The Office of Hawaiian Affairs wants the state to provide more specific data about how the coronavirus crisis is affecting Hawaii’s Native Hawaiian community.
The agency sent a letter to Gov. David Ige and three state agencies on April 23 requesting disaggregated information specifically about Native Hawaiians. So far, when the state has released demographic data about coronavirus cases Native Hawaiians have been included in the broader Pacific Islander category.
“It’s one class and we’re stuck with having both grouped together,” Hawaii Department of Health Director Bruce Anderson told reporters at a press conference Wednesday.
His statement angered Esther Kia’aina, executive director of the Pacific Basin Development Council, who has spent her career advocating for disaggregated data for Hawaiians and other Pacific Islanders.
She posted on Facebook a searing indictment of Anderson: “Dear Dr. Anderson: You are wrong on data collection for Native Hawaiians. The State has the discretion to disaggregate just as the U.S. Census does beyond federal minimum guidelines. It’s clear to me that you don’t care and you shouldn’t be in the top health post for Hawai`i.”
Reached by phone 15 minutes later, Kia’aina told Civil Beat Anderson’s comments made her mad because she thinks the state has a responsibility to go beyond the minimum federal guidelines, especially given that Hawaii has the largest Asian-Pacific Islander community in the nation.
“And yet that is the response we get from the DOH?” she said, adding that the people of Hawaii deserve better. “I work with everybody, but I’m sorry, that was completely unacceptable and unconscionable what he said.”
Kia’aina feels so strongly because she believes disaggregated data for Asian-Pacific Islanders is needed in order for organizations like OHA and health providers to better serve communities.
That’s a key reason that OHA sent its letter in the first place.
“We have limited resources and we want to make sure that how we direct those resources is done in the most efficient and effective ways,” said OHA spokesman Sterling Wong.

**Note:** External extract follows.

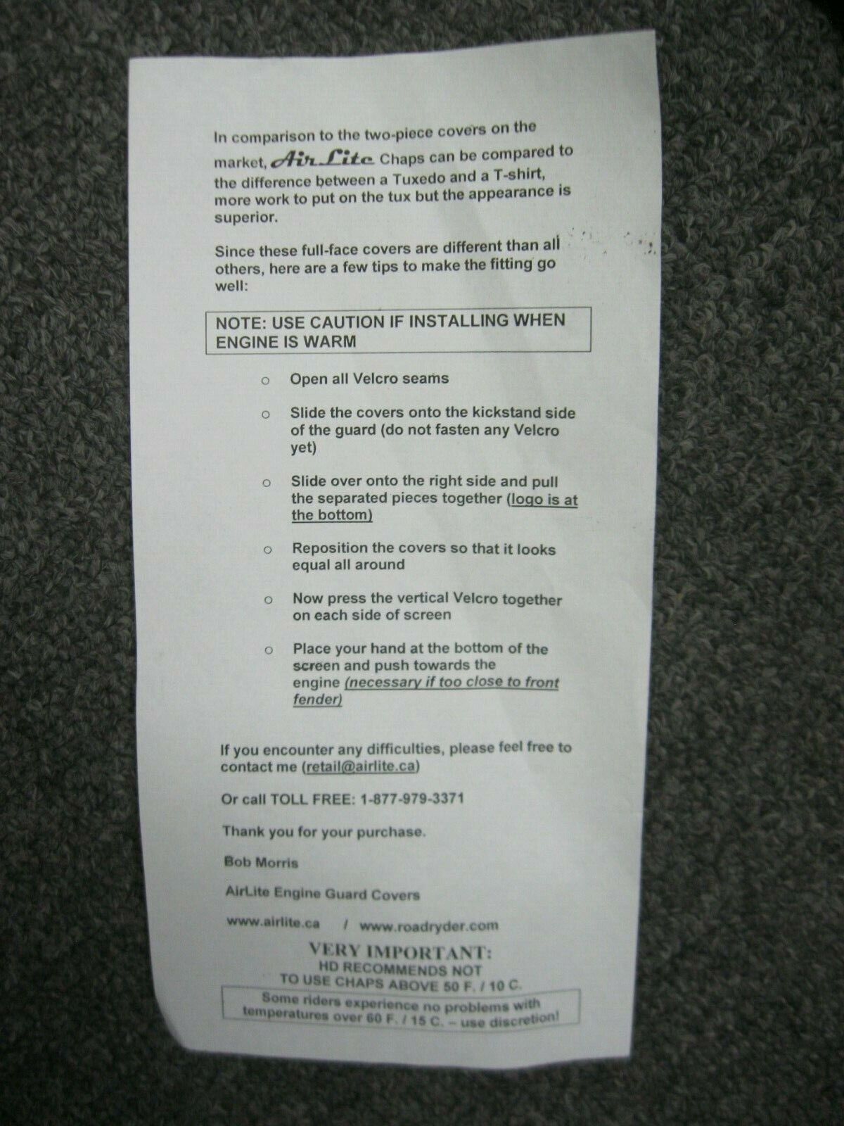 Airlite Motorcycle Engine Guard Chaps with cutouts for 2009 & Later FLH Models

He said that he noted that recent data from Oregon and California shows Pacific Islanders, including Hawaiians, have been disproportionately affected by the virus.
But those states appear to be combining Native Hawaiians and other Pacific Islanders into one category. Anderson didn’t mention it Wednesday but the Centers for Disease Control and Prevention’s case report form for the coronavirus has just one checkbox for that group and no further breakdown.
Anderson also said Wednesday that Native Hawaiians and other Pacific Islanders have the highest rate of COVID-19 cases in the state. But that’s not apparent from the visualization of state data on the Department of Health’s website Wednesday.
“Bruce’s comment was based on the Hawaii bar chart which changes weekly,” said Janice Okubo, a spokeswoman for the health department when asked for clarification later. “He also based his comment on what he understands is data that was collected nationally.”
In fact, the chart shows that the rate of COVID-19 infection among Native Hawaiians and other Pacific Islanders is roughly equivalent to their proportion of the state’s population, comprising 11% of the infections compared to 10% of the population.
By contrast, the chart shows that whites comprise 29% of those who have tested positive for the virus while making up 26% of the population.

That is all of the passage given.